Estate planning considerations for blended families
February 02, 2023 | by Kushner LaGraize, LLC
When two people with children from previous relationships get married, they form a blended family. While this can create a unique and loving situation, it raises some complicated estate planning considerations.
Most of us want to ensure our children and stepchildren are taken care of financially should something happen to us. However, many are unaware of the ways children can be unintentionally disinherited.
In this article, we will provide some estate planning considerations for blended families. We’ll discuss how to ensure that your stepchildren are included in your estate plan and how to make sure that your biological children are never left out.
What are the inheritance rights of stepchildren?
In most states, stepchildren do not have automatic inheritance rights unless they’ve been adopted by their stepparent.

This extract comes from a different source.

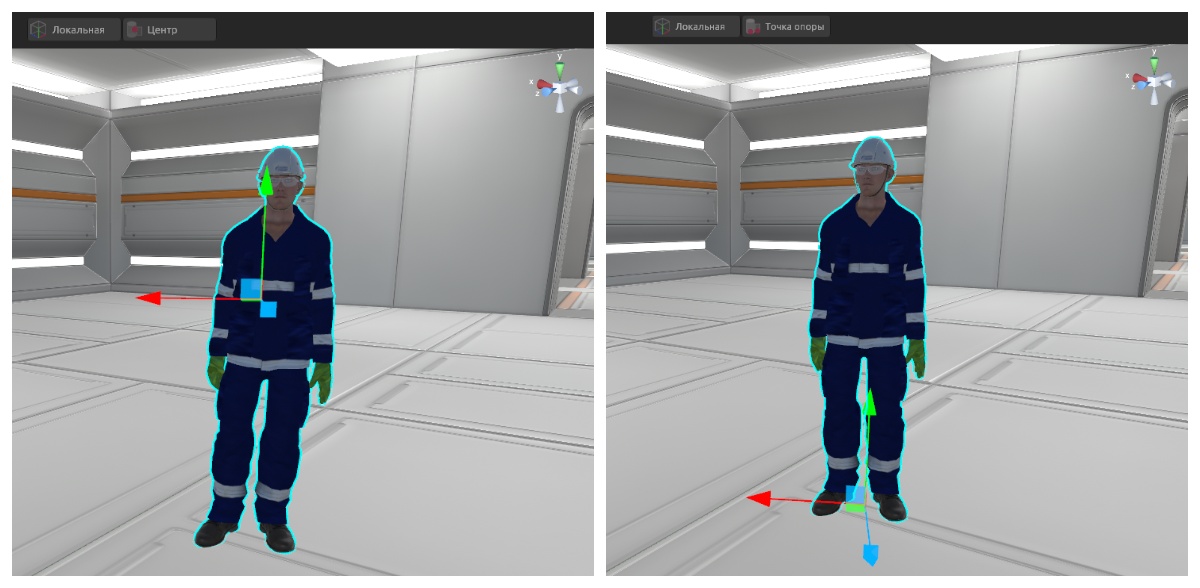 Когда переключатель находится в положении «Точка опоры», объект вращается и перемещается относительно определенной точки, заданной разработчиком

This means that if you die without a will or other estate planning documents in place, your stepchildren would not inherit anything from you.

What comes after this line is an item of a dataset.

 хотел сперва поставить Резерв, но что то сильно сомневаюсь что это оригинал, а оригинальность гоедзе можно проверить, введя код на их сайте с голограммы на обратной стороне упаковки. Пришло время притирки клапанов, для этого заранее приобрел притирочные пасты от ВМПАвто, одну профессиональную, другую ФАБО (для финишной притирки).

If you want them to be able to inherit from you, you need to include them in your estate plan. You cannot simply say, “I leave my assets to my children,” in your will, as this may not legally include your stepchildren. You must explicitly name your stepchildren as beneficiaries to ensure they are included.
Another thing to consider is whether or not your stepchildren are entitled to a share of your pension or other retirement benefits because these assets are typically left to designated beneficiaries outside of a will or trust. Designating “your children” as beneficiaries may not legally include your stepchildren and therefore, specifically naming your stepchildren as beneficiaries ensures that they are included. With that said, your ability to designate beneficiaries will vary depending on the rules of the particular retirement plan, so it’s essential to check with your plan administrator to find out how to properly plan for the disposition of retirement benefits.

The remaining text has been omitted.